La trattazione del periodo medioevale impone allo storico un severo impegno di critica. Esso è abitualmente considerato una età di decadenza e di ristagno ed il solo aggettivo medioevale suggerisce di solito l’idea della involuzione, superstizione e dell’inerzia. In effetti la medicina era allora decaduta ad un livello molto basso.

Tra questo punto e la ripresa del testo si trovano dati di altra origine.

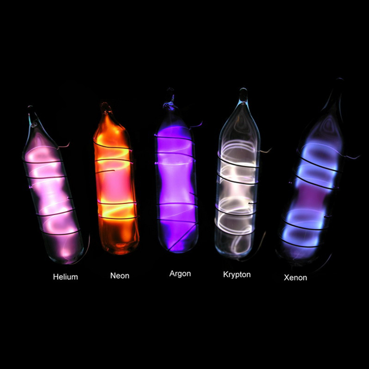 不同的氣體在不同的條件下會(huì)發(fā)出不一樣的光,一般氦氣—-橘紅 ,氖氣—-紅,氬氣—-藍(lán)紫氪氣—-黃綠,氙氣—-與陽光顏色相同。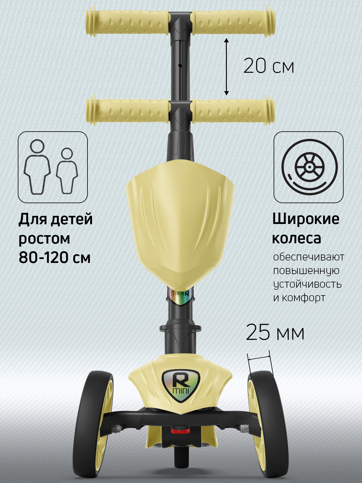 Самокат Alfa Mini XR (крем брюле 30) с не светящимися цветными колесами в коробке 004-8030 .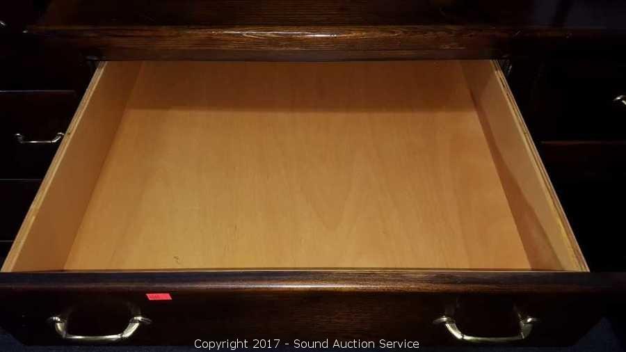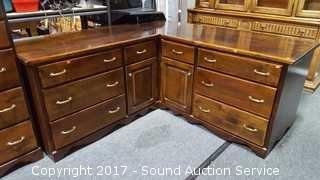 In excellent condition. Brass hardware. 8 drawers, 2 cabinets. Approx. 30" tall, 68" long both ways, and 25" deep.

Arcaici i concetti sulle malattie; diagnosi e prognosi si fondavano sulla posizione delle stelle o sull’esame delle urine; le cure consistevano in salassi e nell’uso di erbe la cui azione era poco conosciuta; l’anatomia veniva insegnata in base ai vecchi testi o, al massimo, alla dissezione di animali; l’alchimia si indirizzava verso la ricerca dell’elisir di lunga vita; la chirurgia era dominio di ciarlatani. Stando così le cose, non ci deve stupire il fatto che, nella Bologna del 1250 nessun medico volesse curare un nobile ferito, per timore di rappressaglie in caso di esito fatale.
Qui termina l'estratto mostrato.